Les circonstances exactes et l’identité des véritables protagonistes des nombreux massacres collectifs des années 1990 n’ont jamais été établies, et ce ne sont pas les reportages de journalistes dépêchés en service commandé qui peuvent convaincre du storytelling imposé. Force est de constater que si la propagande déployée depuis le coup d’État ne porte pas les fruits escomptés, le déni imposé ne peut qu’endurcir le traumatisme collectif qui se traduit par un silence accusateur : combien de fois n’a-t-on pas entendu une foule exaspérée scander « Pouvoir assassin ! » ?

Tant que le régime disposait de la manne pétrolière pour calmer les esprits, rares étaient ceux qui demandaient des comptes au-delà de réclamations matérielles et de reconnaissance de statuts de victimes du terrorisme. Ceux qui osaient pourfendre l’État pour sa responsabilité dans les crimes commis en ont subi les conséquences. Rappelons l’affaire de Rafik Belamrania, condamné en novembre 2017 à cinq ans de prison pour avoir rendu publique la décision du Comité des droits de l’homme de l’ONU concernant son père, exécuté sommairement en 1995.

Vingt-six ans après le coup de force de janvier 1992, le régime qui en est issu se sait aujourd’hui, plus que jamais, en sursis. Le contrat tacite conclu avec la population ­ la distribution de prébendes pour prévenir les révoltes ­ se distend chaque jour un peu plus. Avec l’effondrement des prix du pétrole et du gaz, seules ressources d’une économie de prédation dont les responsables corrompus ont été incapables de créer d’autres sources de richesse, les financements multiples qui garantissaient un calme précaire se tarissent. Ces derniers mois, de plus en plus de catégories socioprofessionnelles expriment du coup leur courroux dans la rue. La colère gronde et s’impose par divers canaux : manifestations, émeutes, vidéos virales, réseaux sociaux.

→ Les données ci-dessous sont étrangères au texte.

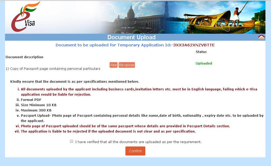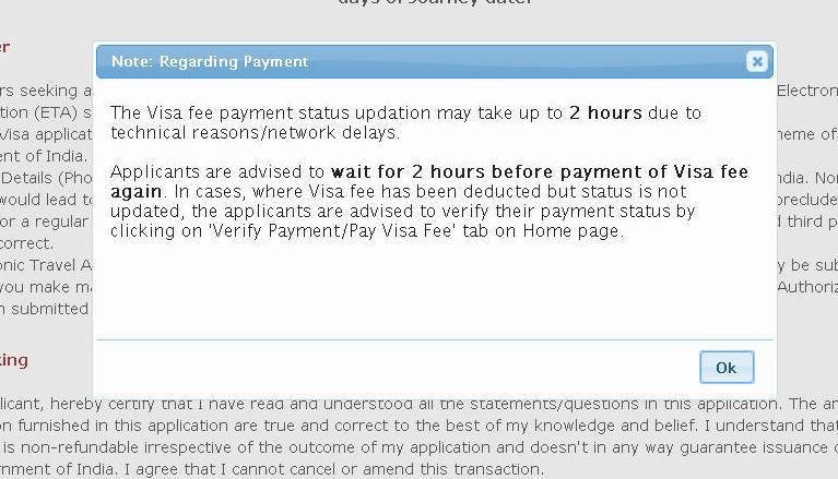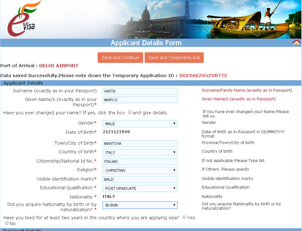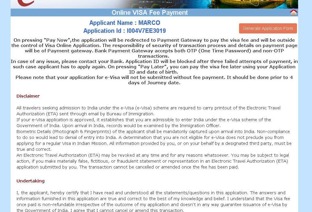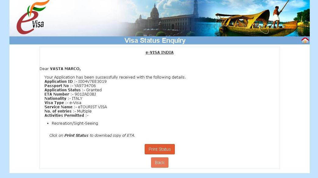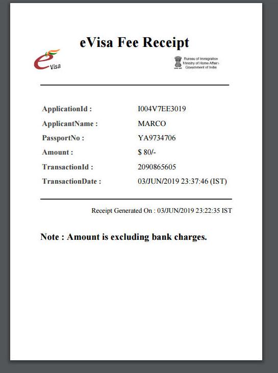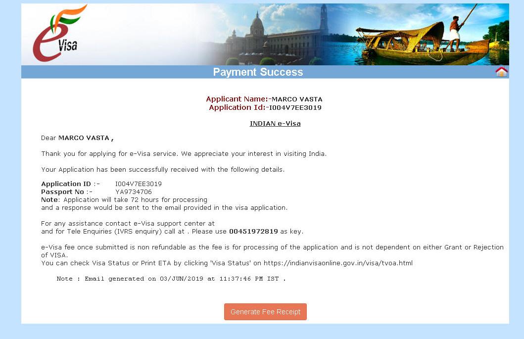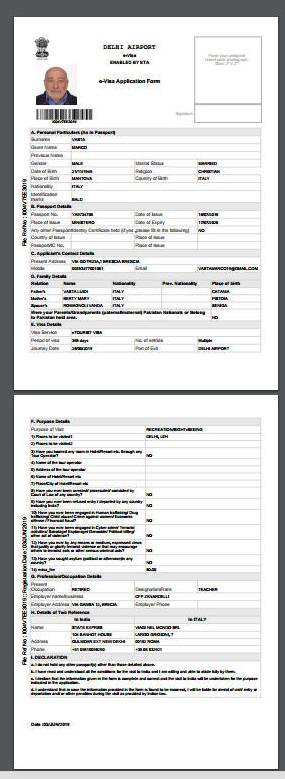Automaticamente si genera e si scarica il modulo stampato. ATTENZIONE NON È IL VISTO. Successivamente controlla la procedura per scaricare un secondo PDF con la richiesta di visto e la fotografia a DESTRA (vedi sotto) da presentare in aeroporto. Il visto vero e proprio viene apposto in aeroporto a Dehi al bancone E-VISA. Genera la ricevuta che si scaricherà automaticamente in PDF

Ce « dégoûtage », comme on dit en Algérie, n’épargne pas les prétendus partis d’opposition, pour la plupart discrédités et rejetés pour avoir à un moment ou un autre participé à ce pouvoir honni. Ceux-ci ne sont ni capables de proposer une alternative ni prêts à affronter ce passé-présent lourd de violences et de mensonges. Tant que la classe politique toute entière ne se confrontera pas à ses propres responsabilités dans la tragédie qu’a vécue l’Algérie, la méfiance à son égard persistera et l’avenir restera hypothéqué. Malgré ce sombre tableau, il faut espérer que la génération qui n’a connu depuis sa naissance que ces vingt-six ans d’une société « verrouillée » par les vieux responsables d’un pouvoir autoritaire saura trouver les ressorts pour participer à la transformation d’une société algérienne « au bout du rouleau ».